Sri Lankan judge sentence two men to death
A woman who survived the first waves of the 2004 tsunami but was pushed back into the sea by the duo after snatching her gold chain.india Updated: Dec 14, 2006 09:11 IST
A Sri Lankan court has sentenced two men to die for causing the death of a woman, who survived the first waves of the 2004 tsunami but was pushed back into the sea by the duo after snatching her gold chain, a police officer said Thursday. After yanking her necklace, the two let Dineti Deshika fall back into the torrent on December 26, 2004. Her body was found after the waters receded.
The incident in the southern port city of Galle got wide publicity and condemnation in Sri Lanka, where the tsunami killed at least 35,000 people and affected 1 million.
"The honorable judge found both of them guilty of murder and sentenced them to death," said police office Jayalath Ballagale from Galle.
The incident came to be known when Colombo's Daily Mirror newspaper splashed photographs of two men pulling the woman after the first wave struck.

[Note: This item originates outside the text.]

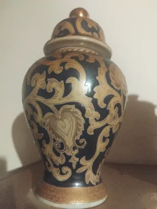 Elegante vaso decorativo con un design intricato. Possibilità di.avere tutto il set di 3 vasi per un totale di 100 euro - Finitura nero e oro. - Realizzati in ceramica porcellana - Coperchio con pomello decorativo.

The photo series showed the men yanking the gold chain from her neck and then fighting each other for the jewelry. Deshika was carried away into the sea.
After the publication of the photos, police tracked down Ruwan Mapalagamage and Ajith Kumara on Jan. 13, 2005. Both are residents of Galle. They were initially charged with theft, which was later upgraded to murder.
Though the pair has been sentenced to death, Sri Lanka has not executed anyone in three decades, despite lifting a 1976 moratorium on the death penalty in December 2004.
Galle High Court judge Chandrasena Rajapakse sentenced Mapalagamage to two years imprisonment and fined him 2,500 rupees (US$250, euro188.47) for gold theft and sentenced him to death for murder. Kumara was acquitted of theft but sentenced for murder. The judgment was based on a video film and testimony of witnesses.
Days after the tsunami, police arrested dozens of people for looting, some making off in trucks carrying refrigerators, washing machines and furniture from coastal homes and hotels.